------ Dataset excerpt

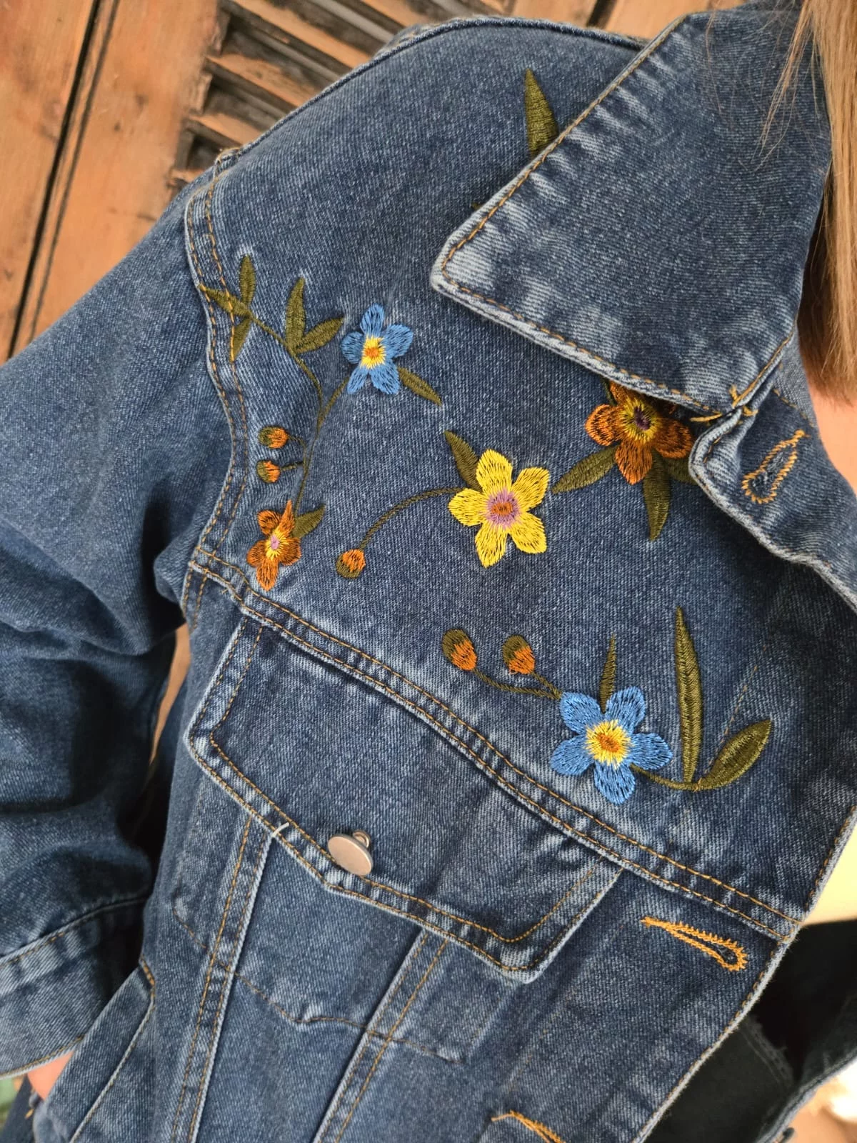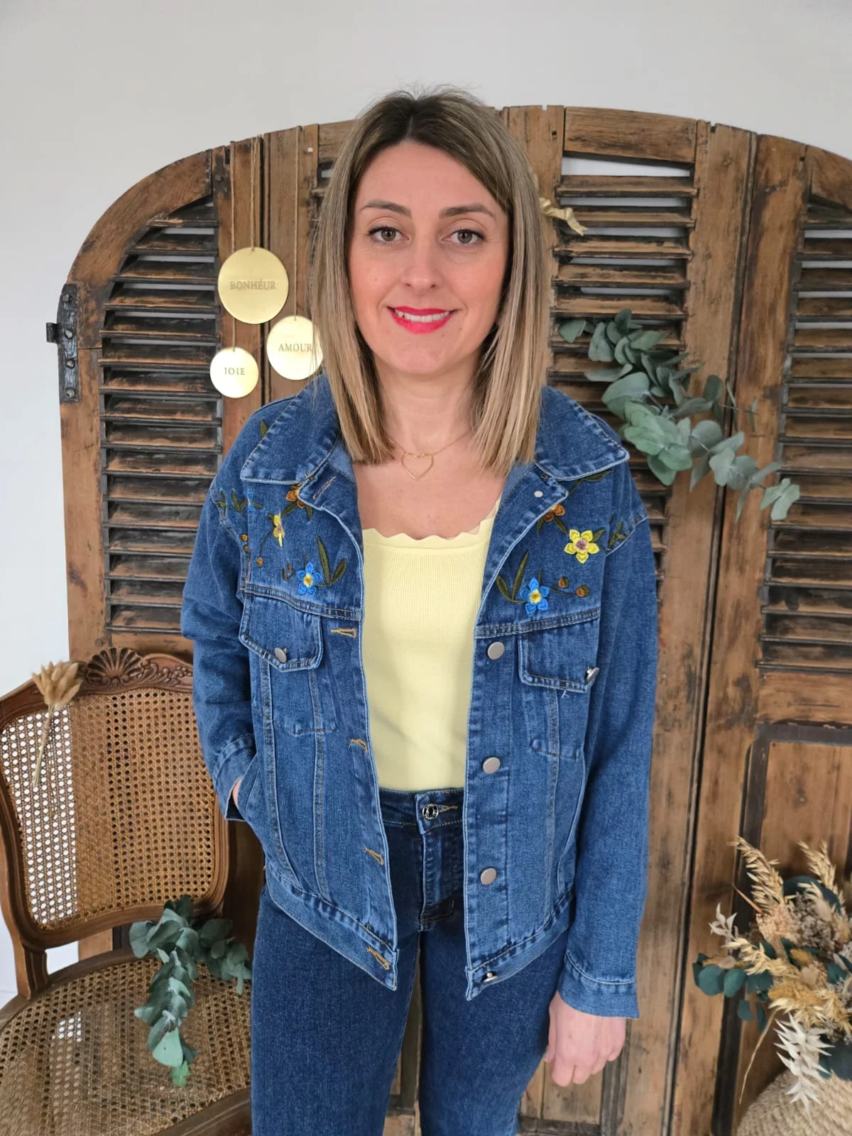 Veste en jean Calie fleurs brodées
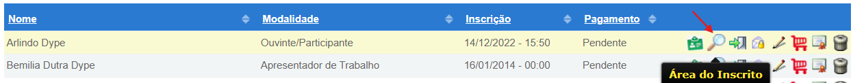 • Ao localizar o inscrito, clique no ícone de lupa na lateral direita do nome para acessar a área do inscrito.
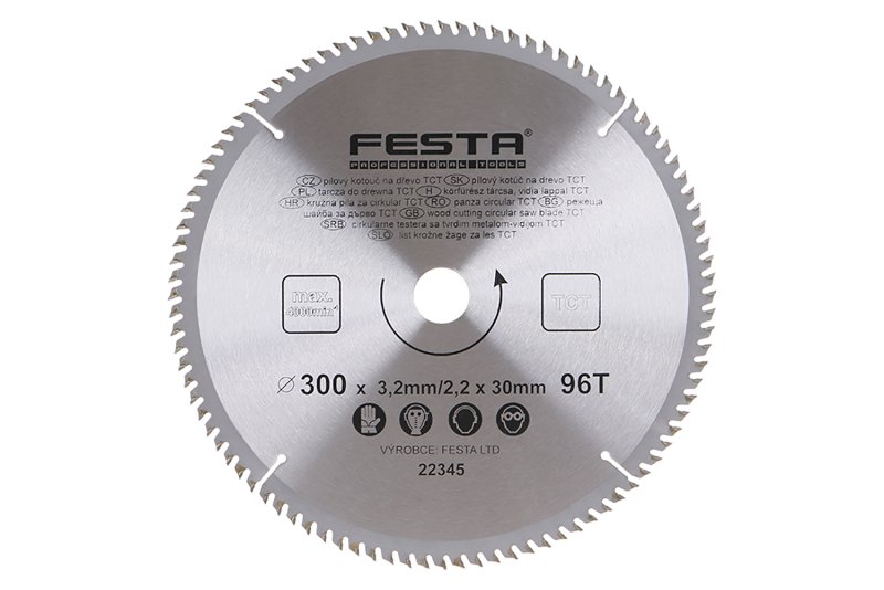 pilový kotouč s SK plátky tělo kotouče z kvalitní uhlíkové oceli (HRC:40) břitové destičky SK ( slinutý karbid ) tvrdost HRA 90 střídavý zub - pozitivní úhel čela 15° zářezy po 90° do vnitřní části chrání před přehřátím a deformací kotouče specifikace uvedeny na těle kotouče

------------

*Assignment*.
Retype the material in full, exactly as written, and exclude the pictures.

*Task output*.
 Veste en jean Calie fleurs brodées
 • Ao localizar o inscrito, clique no ícone de lupa na lateral direita do nome para acessar a área do inscrito.
 pilový kotouč s SK plátky tělo kotouče z kvalitní uhlíkové oceli (HRC:40) břitové destičky SK ( slinutý karbid ) tvrdost HRA 90 střídavý zub - pozitivní úhel čela 15° zářezy po 90° do vnitřní části chrání před přehřátím a deformací kotouče specifikace uvedeny na těle kotouče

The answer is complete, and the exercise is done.